I can't deal with these thoughts myself, I've thought about slipping. I've thought about cutting or drugs or alcohol. I've thought about throwing away the promises me and Shawn share just to make the voices go away.

Every time I think about it, I remember what Shawn told me.

Princess, you're so much more then you think. You're so much better then what you used to be. You don't need a high to escape and you don't need to drown your feelings in vodka. There's no need to tear away at your skin just to feel something else for a few minutes. You've managed to quit all that and put it in the past; You're so much stronger now. You don't need the vices you once had, you know it. I will be here with you every step of the way to make sure you're okay. If you ever feel like you might slip, call me, text me, Skype me, I don't care, just get ahold of me. Promise me you'll never go back to your old ways, Violet.

I whispered "I promise" to myself and looked down at my desk. I've missed the lecture the teacher delivered but didn't care.

After the class was over, I finally decided to speak to someone about it. I went to Mr.Harn and told him everything.
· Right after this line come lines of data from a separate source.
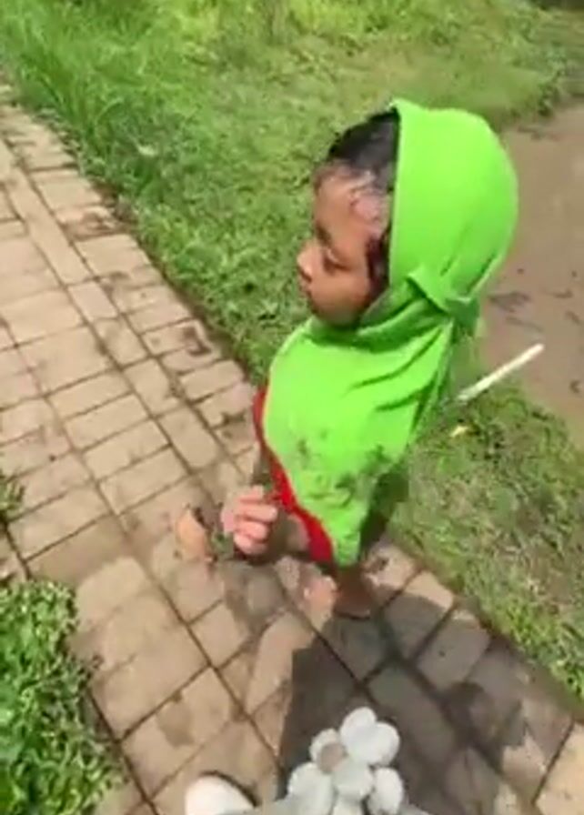 A child in a green head covering walks along a brick path in a grassy outdoor area. The child is barefoot and has mud on their clothing. The child looks up and briefly holds something in their hand before walking down the path. An adult reaches out a hand to the child as they walk. Other people are seen walking in the background. The environment includes grass, bushes, trees, and a muddy area. The weather appears sunny.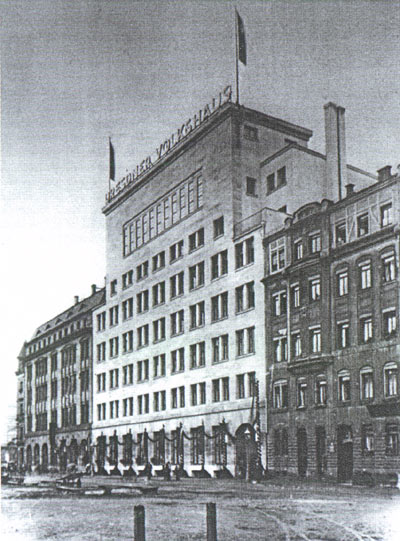 Volkshaus nach Osten. Dieser blockartige voluminöse Anbau mit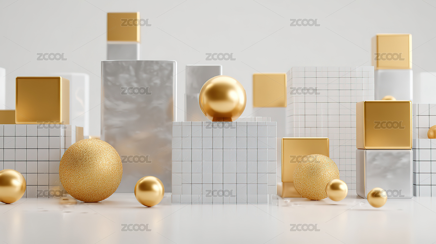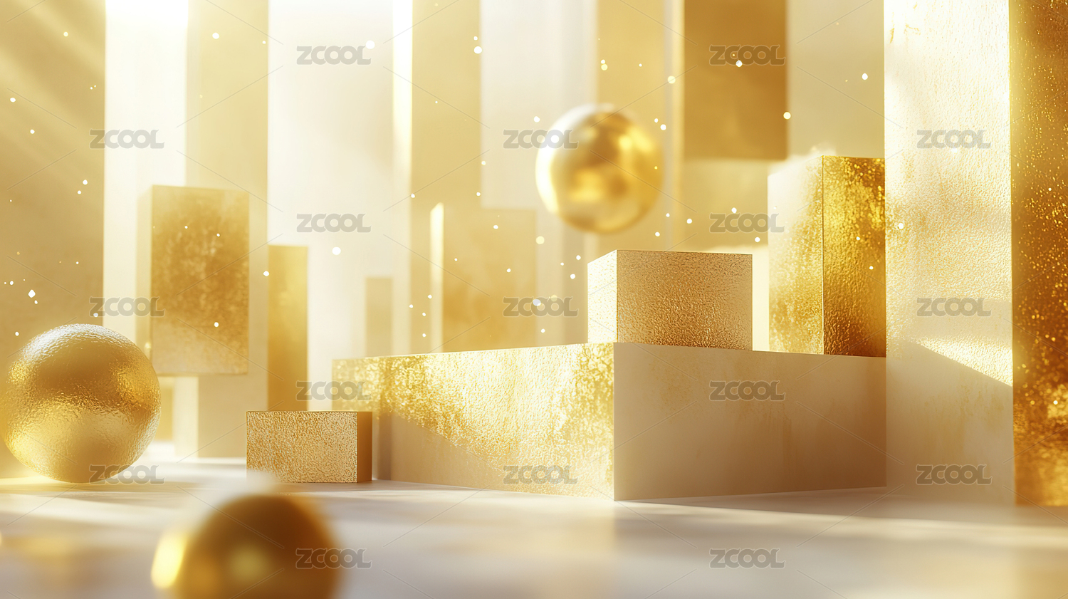 金色球体与几何方块组合

All he did was hold me and bring me to the schools councilor. He told her the story I was able to utter. She called my mother and arranged for me to be put into therapy.

I spoke with her for half an hour.

"You've been through way to much for a girl your age!" She said in astonishment.

"I know." I replied.

"How are you alive?" She asked with both worry and curiosity.

"I honestly don't know." I spoke the truth.

How am I still alive?

I thought about it long and hard and ignored the therapist.

I'm only alive because he came back into my life.